发布于 2018-06-01 15:46:42

除了一个不同的名称之外,如_sync中所示,翘曲洗牌函数的文献资料版本也有一个不同的原型。第一个参数是掩码参数。

您似乎试图以相同的方式使用这两个函数:

代码语言:javascript
复制
     temp+=__shfl_down(temp, offset,32);

temp+=__shfl_down_sync(temp, offset,32);

但这是不正确的。

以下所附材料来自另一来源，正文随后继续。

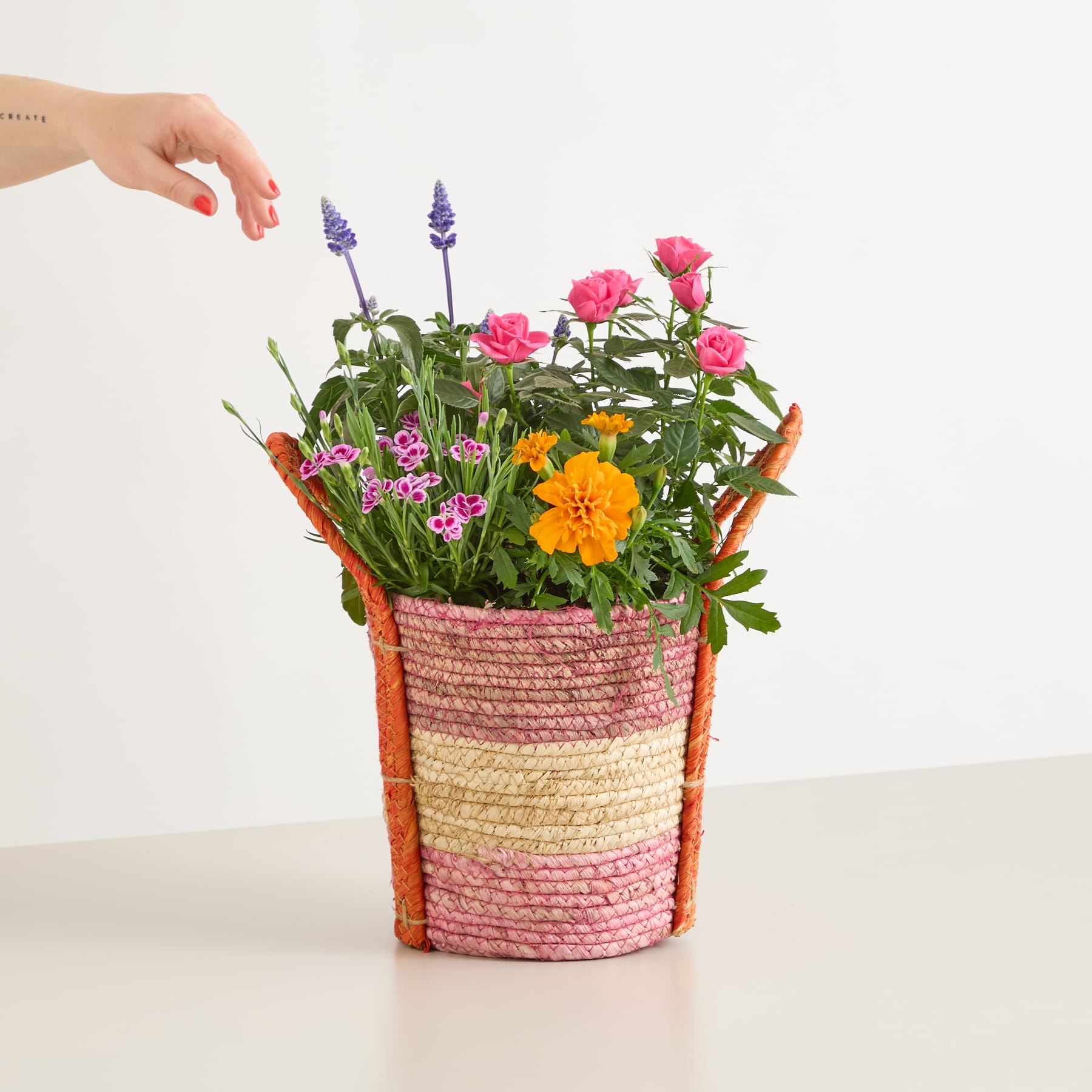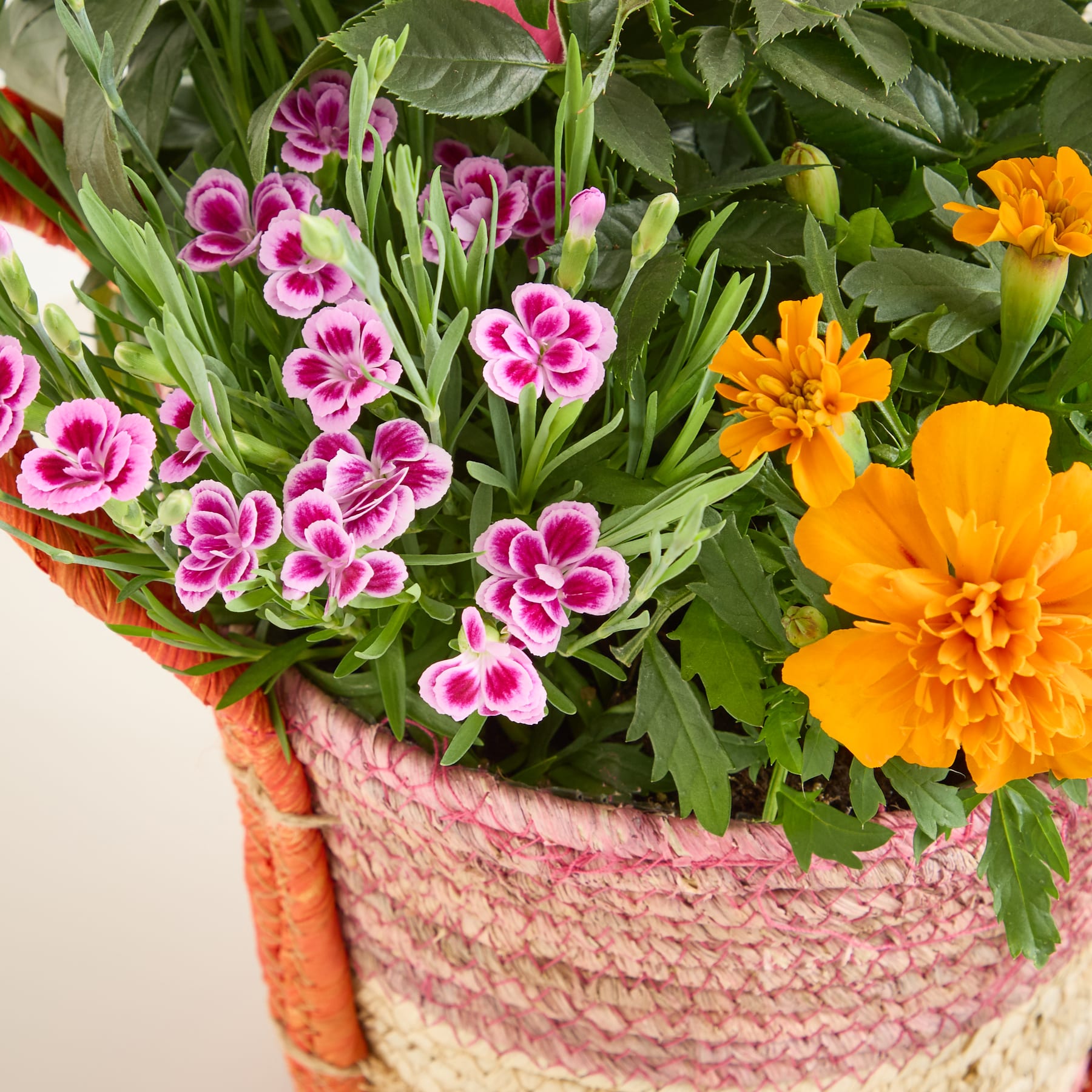 Hurra, es ist Sommer! Endlich können wir uns wieder an blühenden Pflanzen erfreuen. Wird es da nicht Zeit, Balkon und Terrasse ein wenig aufzuhübschen? Mit unserem Topfarrangement Color Crush ist das kein Problem. Es hat eine Wuchshöhe von etwa 40 cm und eine Topfgröße von 19 cm. Bepflanzt ist der dekorative Korb mit niedlichen Nelken, Tagetes, Salvia und einer eleganten Rose. Das leuchtende Farbspiel bringt gute Laune und macht Lust auf den Außenbereich. Dein Lieblingsmensch würde sich sicherlich auch gerne daran erfreuen. Also, warum nicht einfach Freude verschenken? Es braucht keinen bestimmten Anlass, um andere zu überraschen. Wir bringen das Topfarrangement für dich direkt zum Empfänger!

要以类似的方式使用_sync版本,您应该这样做:

代码语言:javascript
复制
temp+=__shfl_down_sync(0xFFFFFFFF, temp, offset,32);

当我进行更改时,您的代码为我正确运行:

代码语言:javascript
复制
#include <stdio.h>

__global__ void shufledown1(double* a, double *b,double *c, int N)
{
    double  temp = 2.0;
    __syncthreads();

   for (int offset = 32/2; offset > 0; offset /= 2){
         temp+=__shfl_down(temp, offset,32);
   }
    printf("%d %f %d \n",threadIdx.x ,temp,blockDim.x * gridDim.x);
}
__global__ void shufledown2(double* a, double *b,double *c, int N)
{
    double  temp = 2.0;
    __syncthreads();

   for (int offset = 32/2; offset > 0; offset /= 2){
       temp+=__shfl_down_sync(0xFFFFFFFF, temp, offset,32);
   }
    printf("%d %f %d \n",threadIdx.x ,temp,blockDim.x * gridDim.x);
}


int main(){
    double *a = NULL, *b = NULL, *c = NULL;
    shufledown1<<<1,64>>>(a, b, c, 0);
    cudaDeviceSynchronize();
    shufledown2<<<1,64>>>(a, b, c, 0);
    cudaDeviceSynchronize();
}
$ nvcc -arch=sm_60 -o t1358 t1358.cu
t1358.cu(9): warning: function "__shfl_down(double, unsigned int, int)"
/usr/local/cuda/bin/..//include/sm_30_intrinsics.hpp(453): here was declared deprecated ("__shfl_down() is deprecated in favor of __shfl_down_sync() and may be removed in a future release (Use -Wno-deprecated-declarations to suppress this warning).")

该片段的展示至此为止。